Frau Else’s cheekbones may have gotten slightly sharper during her absence.
“You’re right, it’s tasteless, though the truth is it’s my fault, I was the first to bring out photocopies; of course, mine were articles on the game. Anyway, coming from El Quemado it’s to be expected, we all have to do things our own way.”
“Statement of the Meeting of the Council of Ministers, November 12, 1938,” she read in her sweet and melodious voice. “Doesn’t it make your stomach turn, Udo?”
“Sometimes,” I said equivocally. Frau Else seemed increasingly upset. “History in general is a bloody thing, you have to admit.”
“I wasn’t talking about history but about your comings and goings. I don’t care about history. What I do care about is the hotel, and you are a disruptive element here.” With great care she began to take down the photocopies.
I suspected that it wasn’t just the watchman who had come to her telling tales.
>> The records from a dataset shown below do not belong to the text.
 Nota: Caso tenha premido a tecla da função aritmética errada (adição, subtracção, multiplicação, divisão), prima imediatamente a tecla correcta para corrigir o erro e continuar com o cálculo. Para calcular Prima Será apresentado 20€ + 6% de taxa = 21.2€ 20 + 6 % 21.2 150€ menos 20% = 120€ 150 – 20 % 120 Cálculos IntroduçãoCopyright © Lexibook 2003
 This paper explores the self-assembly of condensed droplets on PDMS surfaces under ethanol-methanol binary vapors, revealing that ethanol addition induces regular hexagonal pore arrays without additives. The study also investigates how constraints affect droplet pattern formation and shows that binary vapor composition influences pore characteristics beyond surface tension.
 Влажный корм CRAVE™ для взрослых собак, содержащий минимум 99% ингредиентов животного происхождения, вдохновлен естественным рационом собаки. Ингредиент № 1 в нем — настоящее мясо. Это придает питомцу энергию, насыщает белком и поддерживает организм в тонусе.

Clarita too?
“I’m taking them,” she said with her back to me, gathering up the copies. “I don’t want you to suffer.”
I asked whether that was all she had to say to me. Frau Else was slow to answer. She shook her head, came over to me, and planted a kiss on my forehead.
“You remind me of my mother,” I said.
With her eyes open, Frau Else kissed me hard on the mouth. How about now? Without knowing very well what I was doing I took her in my arms and deposited her on the bed. Frau Else started to laugh. You’ve had nightmares, she said, thinking probably of the terrible mess the room was in. Her laughter, though it may have verged on the hysterical, was like a girl’s. With one hand she stroked my hair, murmuring unintelligible words, and when I lay down beside her I felt on my cheek the contrast between the cold linen of her blouse and her warm skin, soft to the touch. For an instant I thought she was going to surrender at last, but when I slid my hand under her skirt and tried to pull down her underpants, it was all over.
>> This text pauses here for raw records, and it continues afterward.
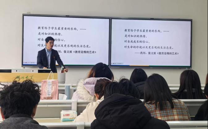 讲座结束后,刘馗老师对讲座进行了总结。他指出彭磊老师的讲座以高中历史课程标准为核心,理论与实践相结合,通过优秀案例的展示分析,使大家对如何基于历史课程标准进行教学设计的方法和模式有了深刻认识。他希望同学能够通过对今天讲座内容的学习和体会,在未来的教育实习和教学比赛等方面能够有所收获和教学素质的真正提升。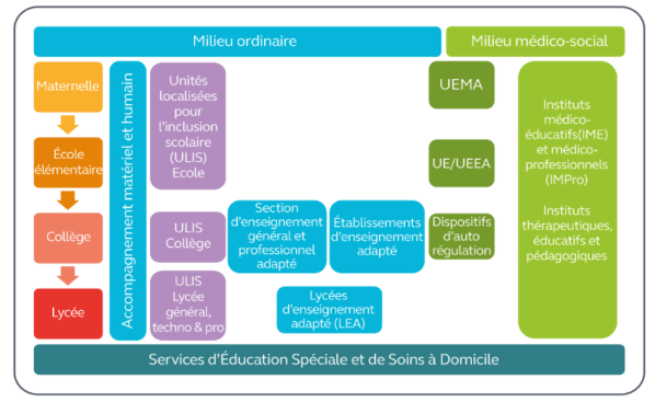 | ↑28 | V. déjà Éléa Pommiers, « L’engorgement des ULIS, symbole des difficultés de la politique d’inclusion scolaire en France », lemonde.fr 19-21 nov. 2024 (extrait) : « selon la Rue de Grenelle (le ministère), c’est notamment dû « au fait que « nous [y] scolarisons (…) des élèves en attente de place en établissement ou service médico-social », dont les handicaps sont beaucoup plus lourds. Au mois d’août 2024, la précédente ministre de l’éducation nationale, Nicole Belloubet, avait pour la première fois communiqué le chiffre de 24 000 élèves accueillis dans les établissements scolaires faute de places dans le secteur médico-social ». |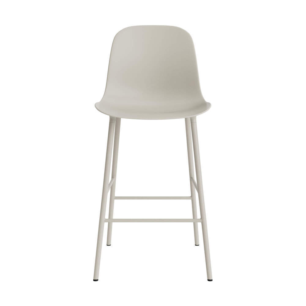 Bar stool with backrest from Form series by Normann Copenhagen in light grey finish. Seat height: 65 cm.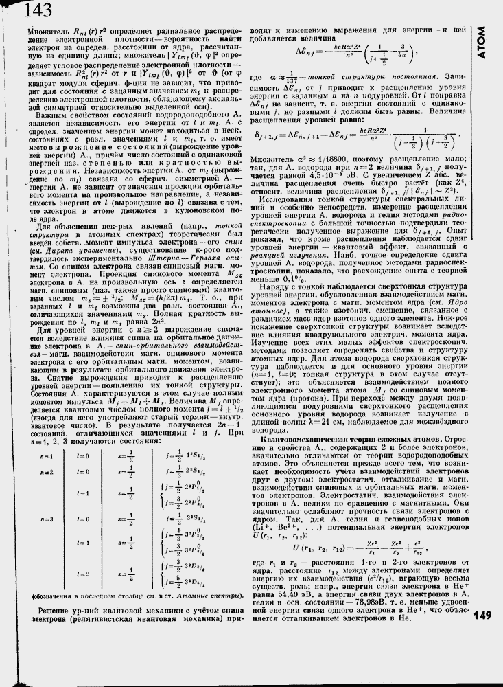 Для уровней энергии с п S? 2 вырождение снимается вследствие влияния спина па орбитальное движение электрона в А. ~ спин-орбитального взаимодействия≈ магн. взаимодействия магн. спинового момента электрона с его орбитальным магн. моментом, возникающим в результате орбитального движения электрона. Снятие вырождения приводит к расщеплению уровней энергии ≈появлению их тонкой структуры. Состояния А, характеризуются в этом случае полным моментом импульса Л/у ≈ Д/^-Д/^. Величина А/7 определяется квантовым числом полного момента/ = Z -: 1/2 (иногда для него употребляют старый термин ≈ внутр. Квантовое число). В результате получается 2« ≈ 1 состояний, отличающихся значениями I и у. При а=1, 2, 3 получаются состоянии: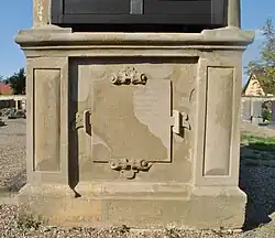 Zentral dominiert eine Inschriftentafel im Giebel das Portal. Die Inschrift beschreibt die Anlage und Erweiterung des Friedhofs und schließt mit einem Bibelvers ab. Sie lautet: „Als man schrieb MVLXXXXVIII/ wardt dieser Gottsacker gemacht./ Welcher als man zuvor 1542 zehlt den Verstorbenen zur Ruhestatt erwehlt. HERR LEHRE UNS BEDENCKEN DAS WIR STERB/ EN MÜSSEN AUF DAS WIR KLUG WERDEN/ Psalm 90“.[3] Die Tafel wird auf jeder Seite von angedeuteten Schlössern eingerahmt.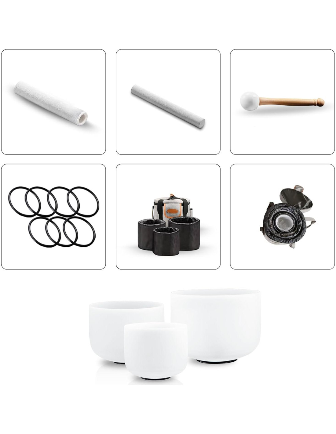 - Conjunto Portátil Completo - Este conjunto de 3 piezas incluye cuencos de canto de cristal de 6" Nota A Tercer Ojo, 8" Nota F Corazón y 10" Nota G Raíz, emparejados con un mazo de goma, un golpeador de gamuza, tres anillos O y un estuche de transporte reforzado. El tamaño escalonado mantiene la portabilidad mientras expande la cobertura vibracional, ideal para altares en casa, terapeutas de sonido o trabajo energético al aire libre.

“It’s early,” she said, sitting up on the bed as if propelled by a spring of unpredictable force.
“Yes,” I admitted. “I just got up, but what does it matter?”
Frau Else got all the way up and changed the subject as her perfect—and quick!—hands straightened her clothes, moving like entities completely separate from the rest of her body. Cleverly she managed to turn my words against me. I’d just gotten up? Did I have any idea what time it was? Did I think it was decent get up so late? Didn’t I realize how confusing it was for the cleaning staff? As she delivered this speech, she kicked every so often at the clothes scattered on the floor and put the photocopies in her pocket.
Basically, it became clear that we weren’t about to make love, and my only consolation was the discovery that she had yet to find out about the incident with Clarita.
As we said good-bye, in the elevator, we agreed to meet that evening in the church square.
With Frau Else at Playamar, a restaurant about three miles inland, nine p.m.
“My husband has cancer.”
“Is it serious?” I ask, aware that this is a ridiculous question.
“Terminal.” Frau Else looks at me as if we’re separated by bulletproof glass.